* _WHAT THE TASK REQUIRES_
What you return must match the entries word for word, minus the pictures.

Records from a dataset:
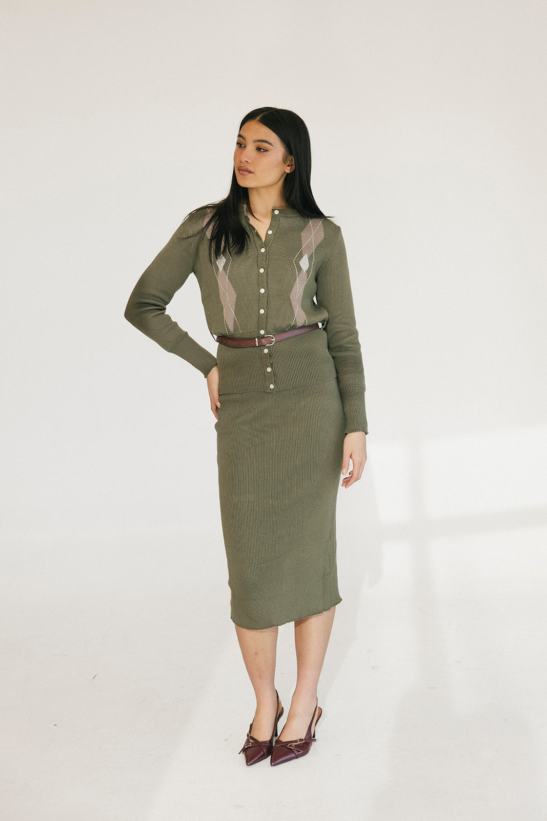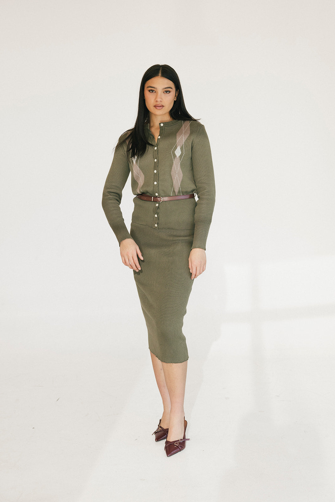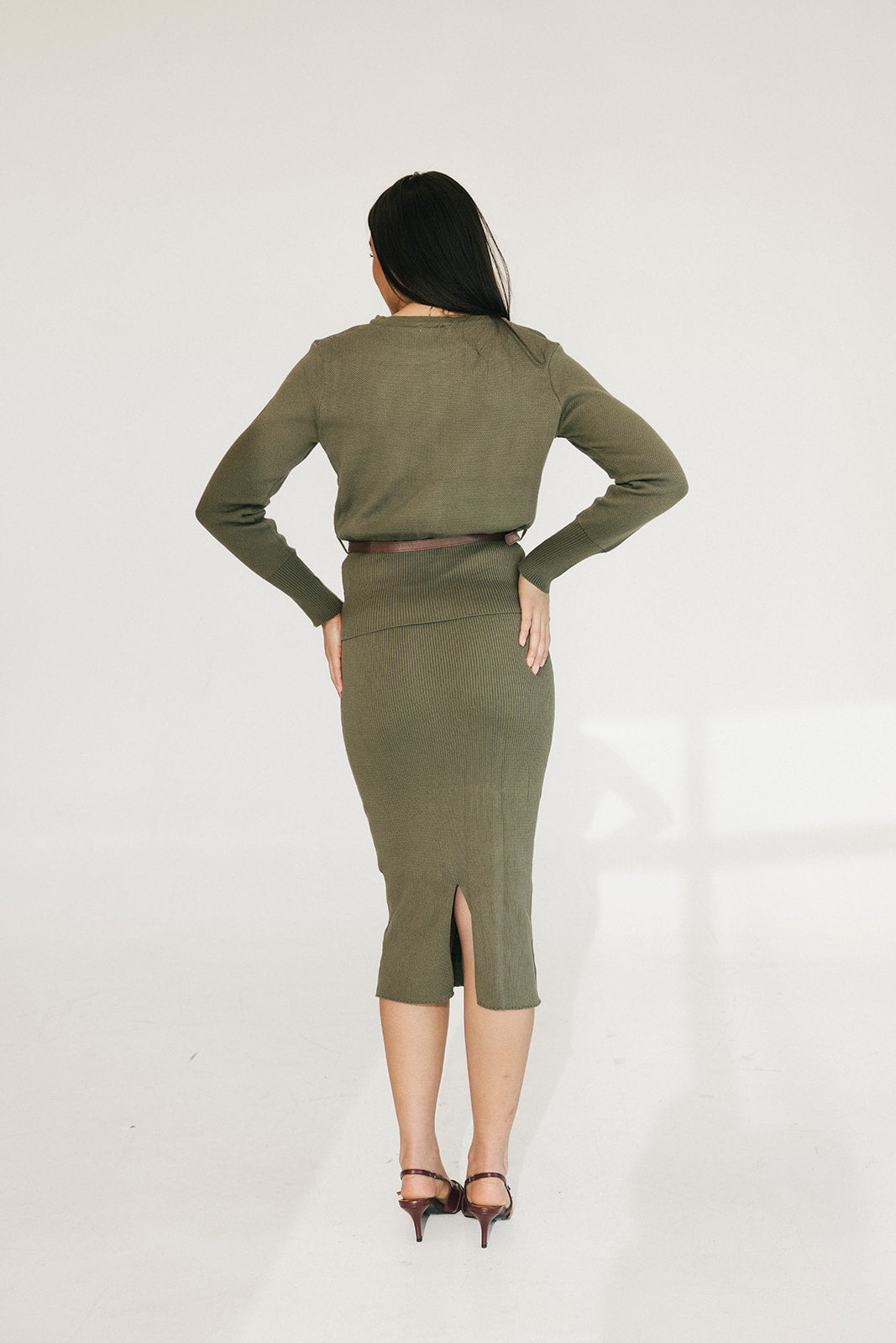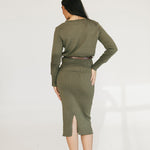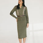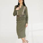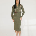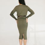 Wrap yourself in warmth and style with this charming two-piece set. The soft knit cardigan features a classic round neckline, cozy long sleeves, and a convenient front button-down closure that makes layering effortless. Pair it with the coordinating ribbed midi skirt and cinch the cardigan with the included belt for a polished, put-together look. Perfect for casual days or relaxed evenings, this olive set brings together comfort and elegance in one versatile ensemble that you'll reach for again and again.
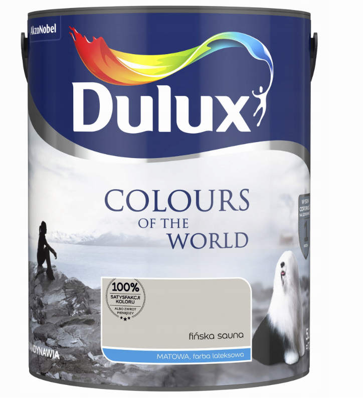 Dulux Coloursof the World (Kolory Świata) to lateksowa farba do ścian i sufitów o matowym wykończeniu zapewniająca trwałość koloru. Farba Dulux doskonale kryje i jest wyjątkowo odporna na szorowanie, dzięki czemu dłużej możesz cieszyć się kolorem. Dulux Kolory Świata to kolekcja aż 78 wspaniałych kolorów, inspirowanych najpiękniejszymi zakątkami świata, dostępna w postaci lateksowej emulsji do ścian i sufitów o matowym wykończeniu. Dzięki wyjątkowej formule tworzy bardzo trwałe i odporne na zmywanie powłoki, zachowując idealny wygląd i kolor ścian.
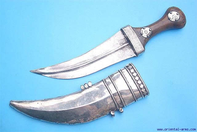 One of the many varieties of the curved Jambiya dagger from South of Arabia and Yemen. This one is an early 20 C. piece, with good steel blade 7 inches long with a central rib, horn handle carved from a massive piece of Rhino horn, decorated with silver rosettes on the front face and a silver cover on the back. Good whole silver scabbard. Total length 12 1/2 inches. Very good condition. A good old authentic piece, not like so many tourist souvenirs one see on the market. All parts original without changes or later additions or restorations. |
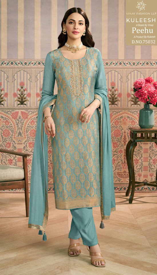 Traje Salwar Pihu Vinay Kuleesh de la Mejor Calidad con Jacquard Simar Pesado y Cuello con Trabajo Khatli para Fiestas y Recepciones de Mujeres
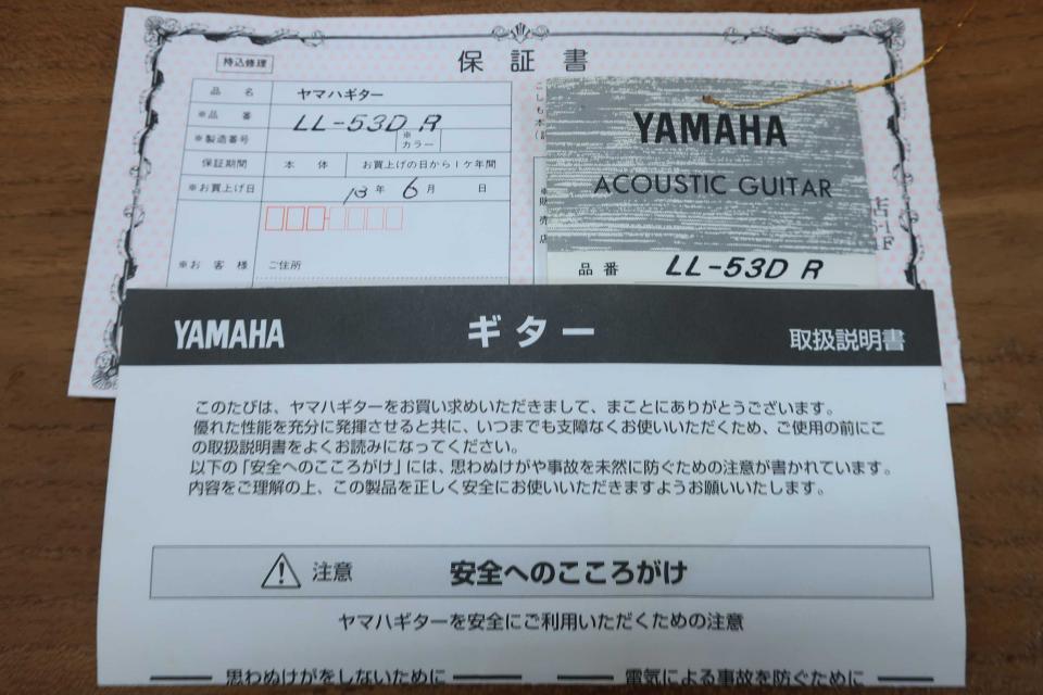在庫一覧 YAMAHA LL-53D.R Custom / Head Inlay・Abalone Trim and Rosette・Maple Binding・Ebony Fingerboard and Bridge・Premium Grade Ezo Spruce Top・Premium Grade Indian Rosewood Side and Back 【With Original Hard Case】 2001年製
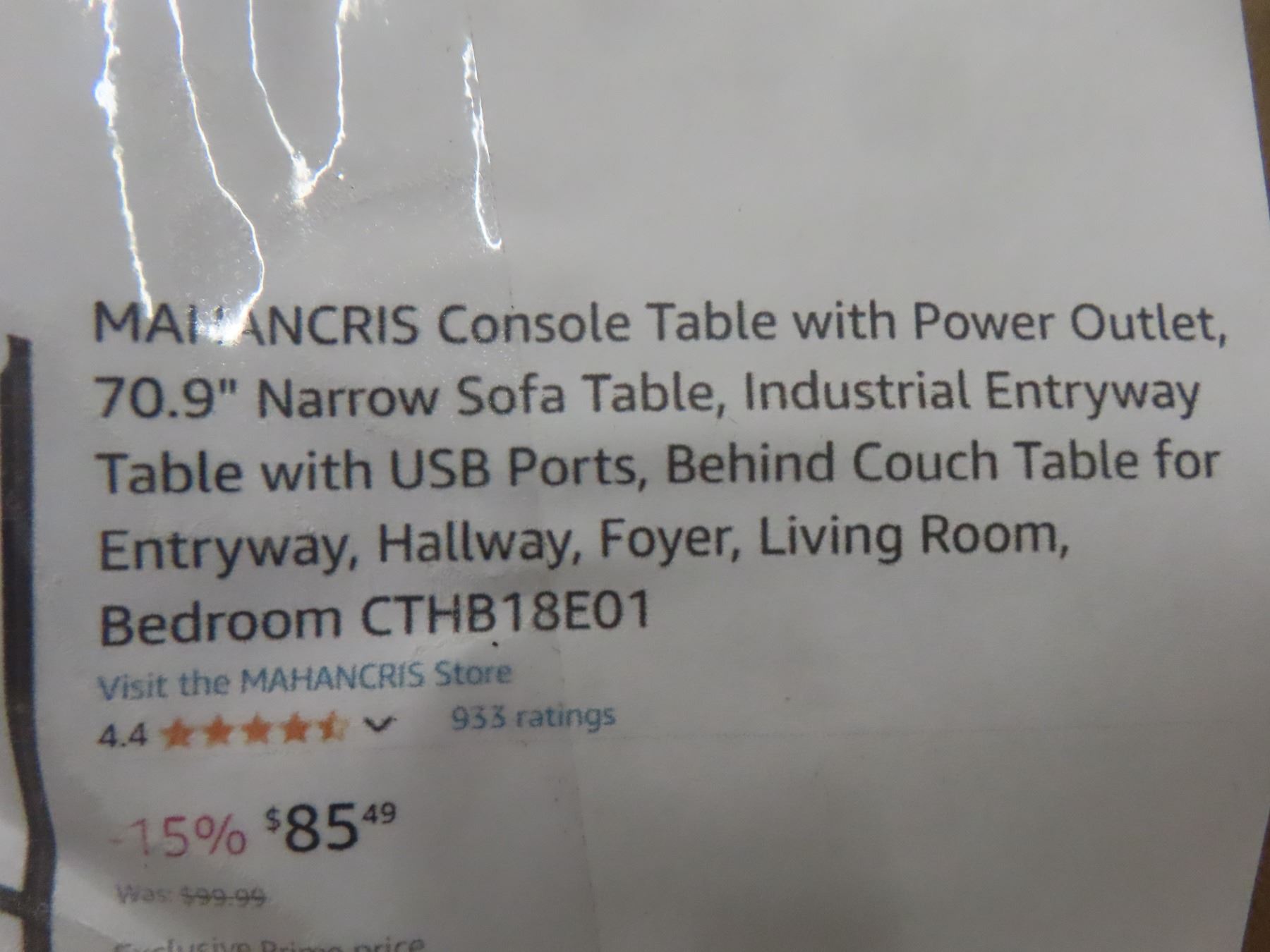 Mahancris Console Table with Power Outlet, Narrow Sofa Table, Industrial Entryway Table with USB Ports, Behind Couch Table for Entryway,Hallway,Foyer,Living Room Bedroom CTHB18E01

* _ANSWER SPACE_
 Wrap yourself in warmth and style with this charming two-piece set. The soft knit cardigan features a classic round neckline, cozy long sleeves, and a convenient front button-down closure that makes layering effortless. Pair it with the coordinating ribbed midi skirt and cinch the cardigan with the included belt for a polished, put-together look. Perfect for casual days or relaxed evenings, this olive set brings together comfort and elegance in one versatile ensemble that you'll reach for again and again.
 Dulux Coloursof the World (Kolory Świata) to lateksowa farba do ścian i sufitów o matowym wykończeniu zapewniająca trwałość koloru. Farba Dulux doskonale kryje i jest wyjątkowo odporna na szorowanie, dzięki czemu dłużej możesz cieszyć się kolorem. Dulux Kolory Świata to kolekcja aż 78 wspaniałych kolorów, inspirowanych najpiękniejszymi zakątkami świata, dostępna w postaci lateksowej emulsji do ścian i sufitów o matowym wykończeniu. Dzięki wyjątkowej formule tworzy bardzo trwałe i odporne na zmywanie powłoki, zachowując idealny wygląd i kolor ścian.
 One of the many varieties of the curved Jambiya dagger from South of Arabia and Yemen. This one is an early 20 C. piece, with good steel blade 7 inches long with a central rib, horn handle carved from a massive piece of Rhino horn, decorated with silver rosettes on the front face and a silver cover on the back. Good whole silver scabbard. Total length 12 1/2 inches. Very good condition. A good old authentic piece, not like so many tourist souvenirs one see on the market. All parts original without changes or later additions or restorations. |
 Traje Salwar Pihu Vinay Kuleesh de la Mejor Calidad con Jacquard Simar Pesado y Cuello con Trabajo Khatli para Fiestas y Recepciones de Mujeres
在庫一覧 YAMAHA LL-53D.R Custom / Head Inlay・Abalone Trim and Rosette・Maple Binding・Ebony Fingerboard and Bridge・Premium Grade Ezo Spruce Top・Premium Grade Indian Rosewood Side and Back 【With Original Hard Case】 2001年製
 Mahancris Console Table with Power Outlet, Narrow Sofa Table, Industrial Entryway Table with USB Ports, Behind Couch Table for Entryway,Hallway,Foyer,Living Room Bedroom CTHB18E01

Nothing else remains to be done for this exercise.